No momento do segundo passo, o aprendiz de
feiticeiro deu uma tacada altíssima: o pedido de prisão de vários senadores com
base em grampos de Sérgio Machado. O álibi do inimigo interno só se aplicava ao
PT, as declarações grampeadas não eram fortes o suficiente para justificar tais
arroubos, o STF impediu e a PGR veio ao chão como um balão furado.
Imediatamente recuou. Não se ouviu falar mais em
ofensivas contra o PMDB, manteve a blindagem a Aécio Neves. As únicas duas
missões do PGR e do MPF, assim como dos juízes de 1ainstância, são
continuar atacando os bichos de sempre – PT e Lula - e, no andar de cima,
Eduardo Cunha, e apenas ele, já que se tornou pato manco.
Cena 5 – os desdobramentos
Nesses momentos de selvageria, o país não dispõe de
forças contra cíclicas.
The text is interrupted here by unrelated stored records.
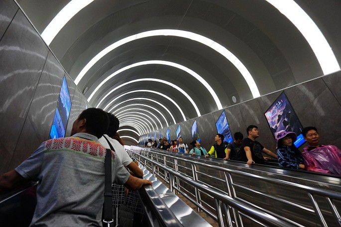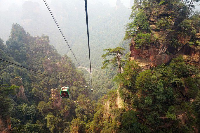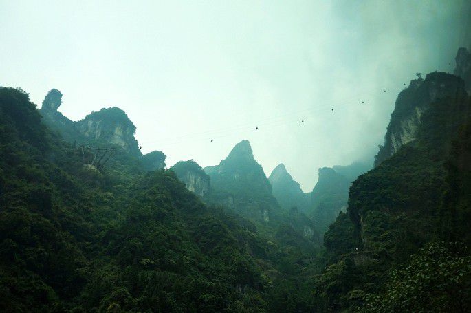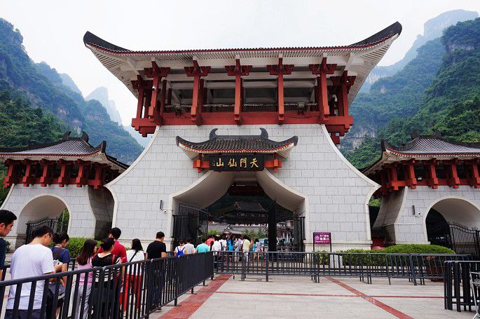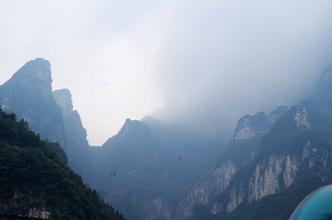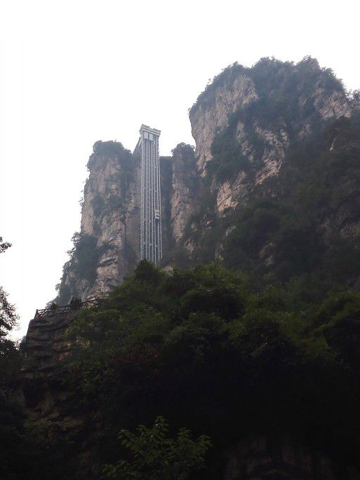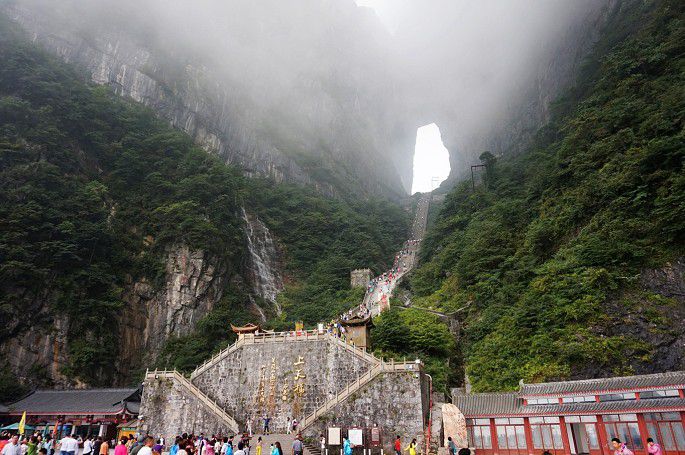 5段电梯到达天门洞,然后再7段电梯到达山顶。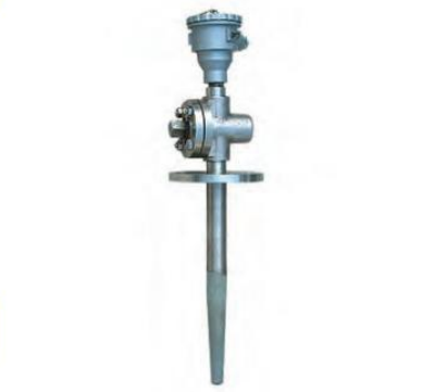 ②鎧裝熱電偶直徑d≤φ5mm,并裝有防濺式或防水式接線盒的產(chǎn)品,熱電偶露出設(shè)備部分。用戶在安裝時必須加裝支架等輔助支撐,增加其剛度,確保緊固,防止接線盒受振動而引起搖擺,損壞熱電偶。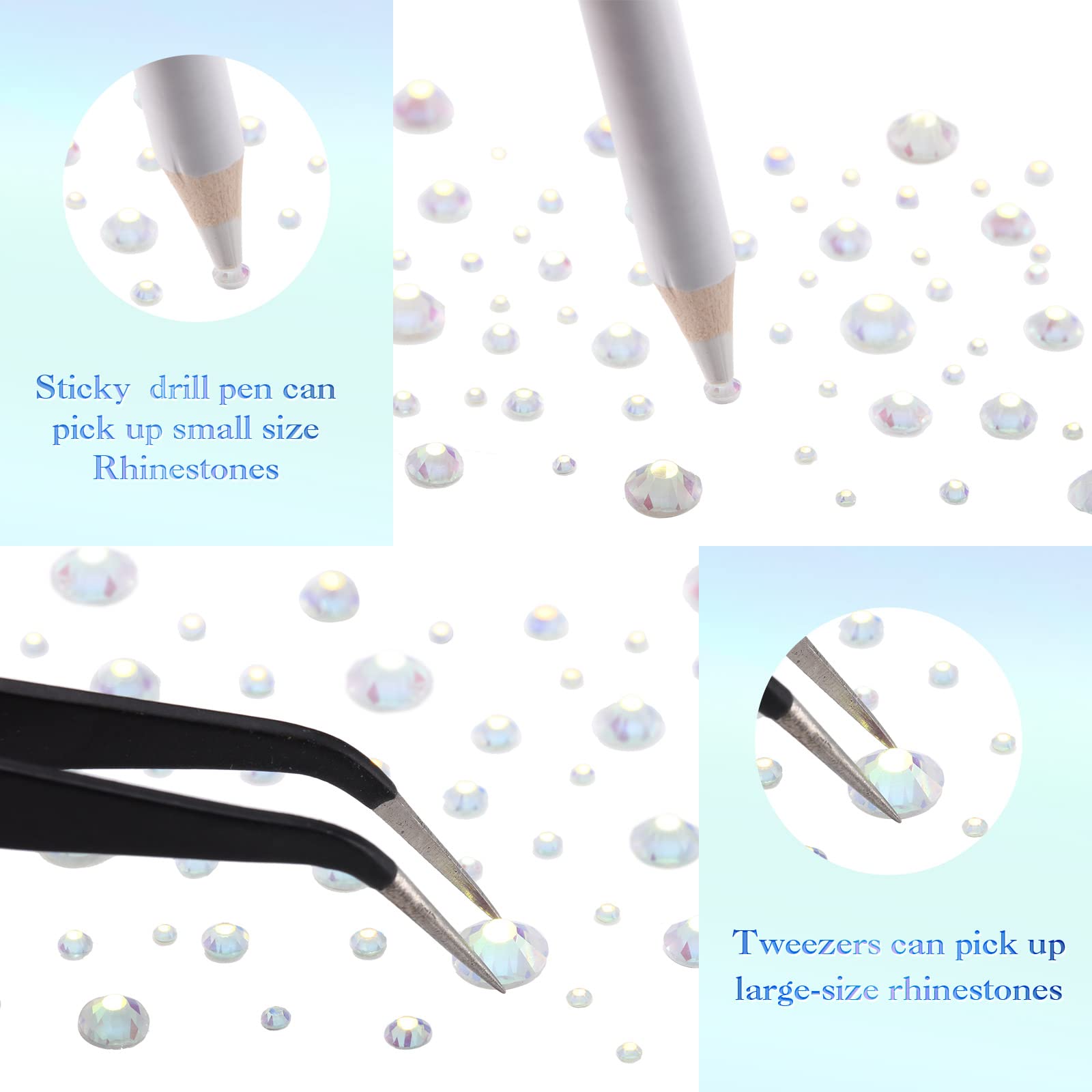 - Crystal rhinestones with tools: package includes 2000 pieces rhinestones in 6 sizes, with quality tweezer and pick up pen; The rhinestones are not hotfix and need glue to stick them (glue is not included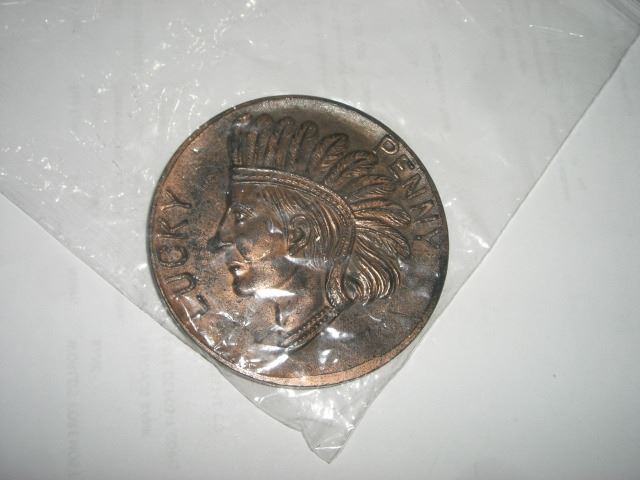 HUGE COPPER *INDIAN HEAD PENNY* COIN-HEAVY APPROX WIDTH ACROSS IS 2 1/2"!! COIN CAME OUT OF SAFE!! ***Coin, Currency & All Items Listed in this auction - Grades, Conditions and Values are not Safe Deposit Coins LLC Responsibilty. Grades, Condition and Values are determined by Consigner(s) & Buyers ONLY
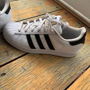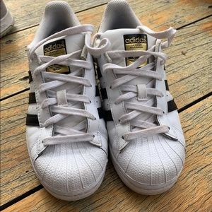 Size 4 in big kids which fits a size 6 in women . Needs new inside soles.

O conceito de democracia e estado de direito não é
suficientemente forte nem entre os seus operadores.
Ante a onda formada, o Supremo apequenou-se. No
MPF, qualquer ato contra a onda recebe críticas da própria corporação. Qualquer
medida contra Lula ou Dilma é aplaudida. E o PGR não conduz, pelo contrário, é
conduzido por esse sentimento porque vive-se a Procuradoria de coalizão, desde
que o PT inventou a história de indicar automaticamente o Procurador mais
votado – que obviamente vai ser descontinuado pelos novos donos do poder.
Criou-se um movimento tácito irresistível. Numa
ponta, o desmonte total do precário Estado de bem-estar que o país ousou
levantar nos últimos anos, somado à venda indiscriminada de estatais na bacia
das almas. Na outra, a condescendência com o grupo de Temer, desde que entregue
o combinado. Alimentando essa fuzarca, a intolerância, a radicalização do
Judiciário, o delenda Lula. E, a cada momento, mais tentativas de avançar sobre
o estado de direito.
E como impedir essa avalanche? O que aconteceria se
o PGR ganhasse coragem cívica e tentasse enquadrar Temer e sua turma? Pagaria o
preço de uma segunda crise institucional sem dispor da unanimidade em que se
calçou para derrubar a presidente?
Evidente que não. A caminhada rumo ao arbítrio
acontecerá grotescamente, mas passo a passo. Cada novo ato de arbítrio será
minimizado, cada novo cerco aos recalcitrantes ignorado. Até que o país passe
da democracia mitigada ao autoritarismo.
E não haverá forças contra cíclicas. Hoje em dia,
em lugar de Raimundo Faoro, Luís Roberto Barroso; em lugar de Waldir Pires,
Rodrigo Janot; em lugar de Pedro Aleixo, Michel Temer; em lugar de Paulo
Brossard, Cristovam Buarque.
Enfim, o país é a resultante do nível de suas
elites.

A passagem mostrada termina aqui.